Native Sun News: Northern Cheyenne survivor shares history

The following story was written and reported by Talli Nauman, Native Sun News Health & Environment Editor. All content © Native Sun News.


Jenny Seminole Parker


Ft. Robinson Outbreak Spiritual Run participants receive fry bread and wojapi at spaghetti feed in Belle Fourche during their 400-mile annual reenactment of the winter escape of prisoner-of-war ancestors.

Last living child of Ft. Robinson breakout survivor speaks
By Talli Nauman
Native Sun News
Health & Environment Editor

BELLE FOURCHE — The annual Ft. Robinson Outbreak Spiritual Run, held Jan. 8-14, 2013 this year, reenacts the escape and 400-mile winter trek to today’s Northern Cheyenne Indian Reservation in Montana that a band of Sioux prisoners of war survived after about 150 men, women and children were held hostage by U.S. troops at the fort in Nebraska in 1879.
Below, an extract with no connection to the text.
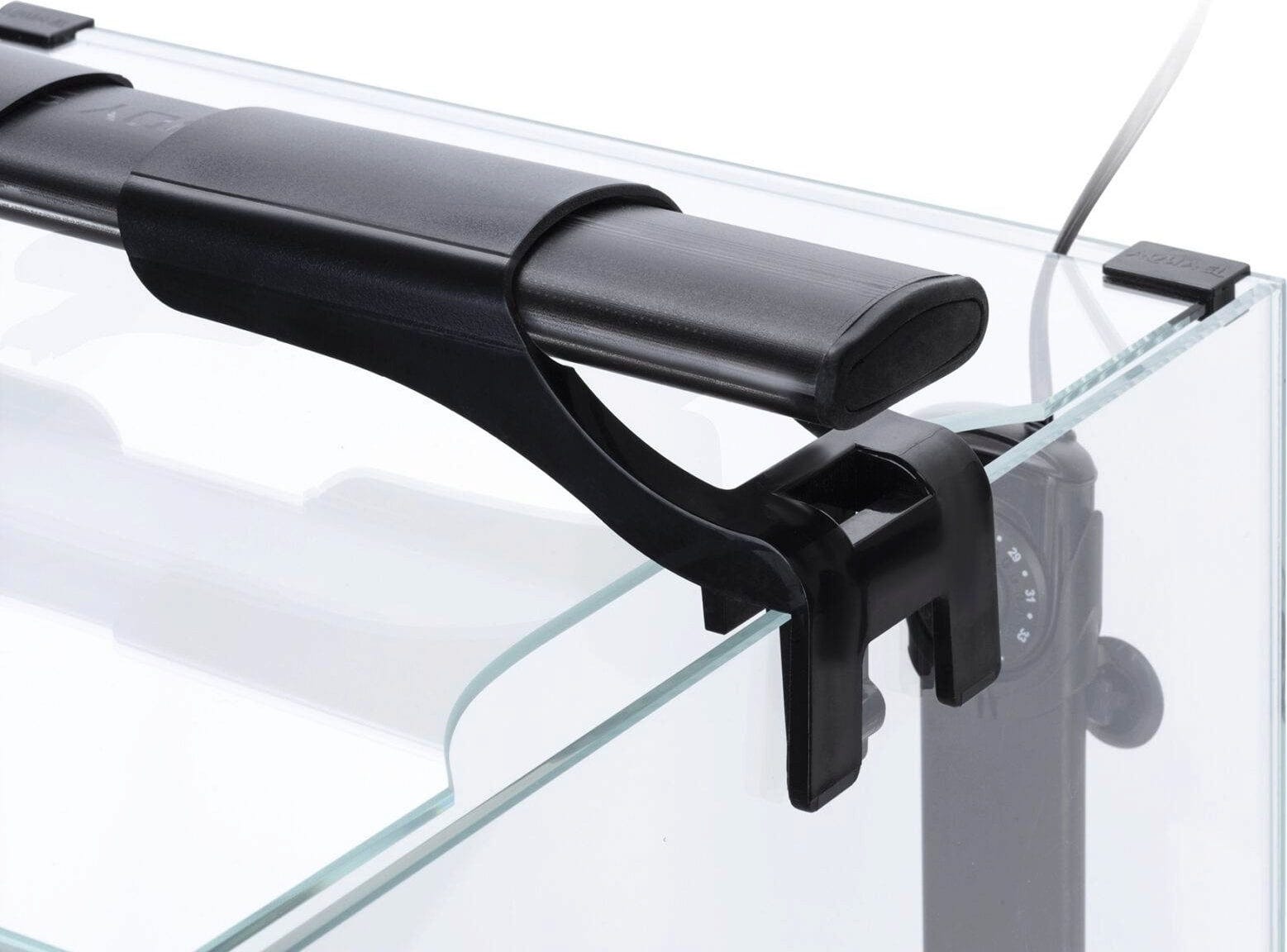 ► akvarij sa zaobljenim uglovima i poklopcem od opti-stakla, koji nema uobičajene silikonske fuge koje bi mogle spriječiti transparentnost akvarija;

For the past several years, Jenny Seminole Parker, the last living child of a Ft. Robinson prison survivor, has joined the observation to share her family’s story with participants gathered by Lame Deer, Montana non-profit Yellow Bird Inc., founded by Philip Whiteman and Lynette Two Bulls.

Parker also shared the oral history with Native Sun News on Jan. 12, when this year’s approximately 150 relay runners in the event arrived in Belle Fourche:

My father’s Cheyenne name was Big White Man. His white name was Miles Seminole. He said, “You should be grateful. You don’t have anything to worry about. Compared to our day, life is easy for you.”

He said when we were coming on the Long Walk in Indian territory, we went to the fort to get food and get warm and to help some of the warriors that were wounded and the people that were sick and tired. The leaders refused to go back, so they locked us up for I don’t know how many days, and they wouldn’t give us any food or water, he said -- maybe 10 days.

The little children were hungry and crying, and there were a lot of sick, old people. So some of the ladies had extra buckskin and extra rawhide, and they would cut it in little pieces and give it to the children and tell them, “Chew on this; it’ll make saliva.” And in the morning when the windows would be frosted so hard with ice, they would have the little kids line up, and they would lick the frost from the window for water. That’s how we all got water, he said. Some of the elders said, “Let the young people get water first,” he said. That’s how strong people were. They went without water and food, he said. It was the prayer that gave them the strength to survive.

When they decided to break out of there, he said, they had a meeting of everyone and the leaders explained to them, “We’re going to break out of here and everyone has to run – run for their lives.” And so there were some of the warriors that were wounded who said, “Well, we’ll break out first and we’ll sit down out front and distract the soldiers. And my father’s uncle, my grandma’s brother, had been shot in the leg and with several young men that were wounded broke out first and sat down. My father said when they broke out and got ready to run, he looked back, he said, I saw a soldier run up to my uncle and shoot him in the head.

He took off runnin’, he said, and my other uncle, he said, got shot, so his wife ran back, and she hollered at my grandma, “Take my children.” She had two children. She had a baby and she had one about maybe six, seven years old. My grandma told my father to take the little boy’s hand and run with him. She said, “If one of you gets shot, one of you keep runnin’. Don’t stop. Don’t stop no matter what. Just keep runnin’.”

And so she put the baby on her back with her blanket and they ran. He said it seemed like we ran a long ways. My heart was pounding so loud it sounded like a drum, he said. I could just hear it, he said. I would cover my mouth so the soldiers wouldn’t hear it, he said. When we sat down by some trees to rest, my mom took her blanket down to hold the baby and here when she turned it over, the baby was dead. So my grandma wrapped the baby up and she said, “We’ll have to leave it here,” and we put it next to the tree there, he said, and he said, we lost both kids.

And she said, “From here on, you run – you run for your life. If I get shot, don’t come back. Don’t look back. Just run. Don’t ever look back. Go forward. Just keep going.”

He said, here when we got up to the Pine Ridge hills, we met other Cheyenne, so we all got together and we all started walking. And they walked I don’t know how many miles, probably over a hundred miles, and he said there was a Frenchman that had a trading post in Nebraska, and they stopped there to ask for food.

They had a little dugout in the ground and it’s still there today. That man told them, “There’s buffalo robes in there. Cover yourselves up. I’m going to feed you.” He was married to a Cheyenne woman. So the woman prepared the food and the man went and fed them. After they were fed and warmed up, why then they started walking again and they walked all the way down to Cheyenne Creek. It’s by Oglala. They stayed there through the winter, and in the spring they all went back north.

I cry every time I think about how they were hunted like animals and shot.